This article is sponsored by Reichmuth Infrastructure.

Swiss infrastructure investor Reichmuth Infrastructure was founded in 2012 as part of the broader Reichmuth Group, specializing in energy, transport and the circular economy. It was an early investor in rolling stock assets and last year launched a dedicated transport fund with a focus on Europe.

CEO Stefan Hasenböhler and Senior Investment Manager Roland Kaufmann say the key to success, especially in the mid-market segment where they prefer to operate, is to seek out assets that benefit from regulatory and macroeconomic conditions.

Roland Kaufmann, REICHMUTH
Roland Kaufmann

What macroeconomic trends are affecting investors in the transportation sector?

Roland Kaufmann: Four main trends influence the situation in the transport sector, two of which mainly concern the demand for transport infrastructure, and two others affect the supply in this segment.

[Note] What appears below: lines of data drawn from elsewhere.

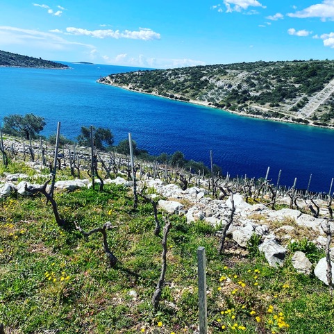 Arrivée au vignoble de Bucavac près de Marina Kremik (ce vignoble est sur la liste d'attente de l'UNESCO). Ici, nous avons l'occasion de voir des vignobles de plus de 60 ans, en bord de mer, qui avec leurs murs de pierres sèches dessinent des dentelles de pierre blanche, donnant un vin de qualité supérieure Babić. Nous nous familiarisons avec la méthode de traitement de la vigne.
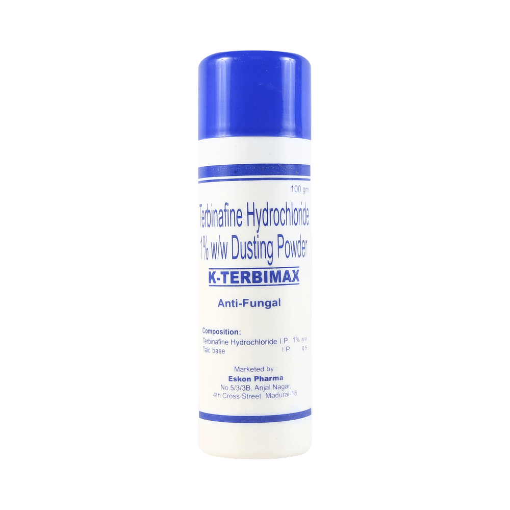 K Terbimax 1% Dusting Powder is used to treat a wide range of fungal infections of the skin and nails, including ringworm. It works by killing the fungi that cause the infection. This helps in clearing the infection and speeds up the healing process. K Terbimax 1% Dusting Powder is for external use only. It should be used in the dose and duration suggested by the doctor. The affected area should be clean and dry before the application of this medicine. You must wash your hands thoroughly before and after application. Do not stop using it until you have finished the complete course, even when you feel better. If you stop using this medicine too early, the fungi may continue to grow, and the infection may return or worsen.The most common side effects of this medicine include application site reactions like irritation, itching, redness (pruritus), and skin peeling (exfoliation). These are usually mild, but let your doctor know if they bother you or last more than a few days.Avoid direct contact with the eyes, nose, or mouth. If accidental exposure occurs, rinse immediately with plenty of water. You must inform your doctor if there is no improvement even after four weeks of treatment. It is not likely that other medicines you take by mouth or injection will affect the way this medicine works, but inform your doctor about all other medicines you are taking. Also, let your doctor know if you have used a similar medicine before and had an allergic reaction. Pregnant and breastfeeding mothers should consult their doctor before using it.
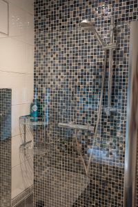 • Shower room with walk-in shower allows ground level access.
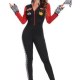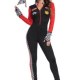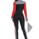 Channel your inner pit crew star in this dynamic racing suit costume. Featuring a tight-fit design with a high collar and long sleeves, it combines black fabric with vibrant red accents and classic checkered detailing down the legs. The front zip closure and printed sponsor-style logos give it a realistic motorsport vibe. Whether you're cheering on the racers or stealing the spotlight, this ensemble delivers bold energy and confidence. ( Checkered flag not included )
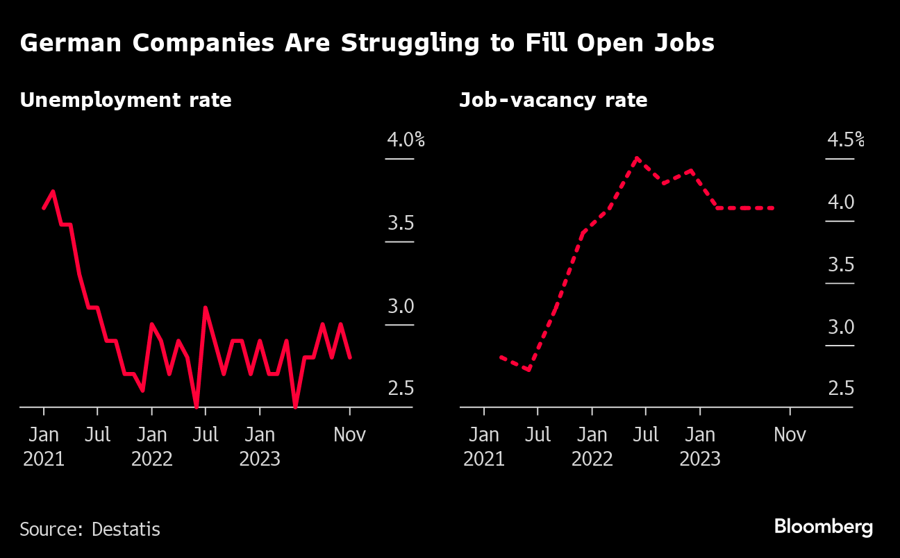 According to an industry lobby survey last year, half of German companies are at least partly unable to plug vacancies. Software giant SAP SE stopped asking for university degrees from applicants in 2022, while real estate firm Vonovia SE recruited people from Colombia last year to cope with the shortage.

On the demand side, the first and most important trend is population growth, which is of course one of the overall factors driving demand for infrastructure and therefore wise investment in it. This also translates to the transport segment as we see that more people will require more goods and travel arrangements, which will effectively lead to higher transport efficiency over time, both in terms of tonne-kilometers in the cargo segments and passengers traveled. As European transport infrastructure capacity is currently under high use, we see this as an important factor.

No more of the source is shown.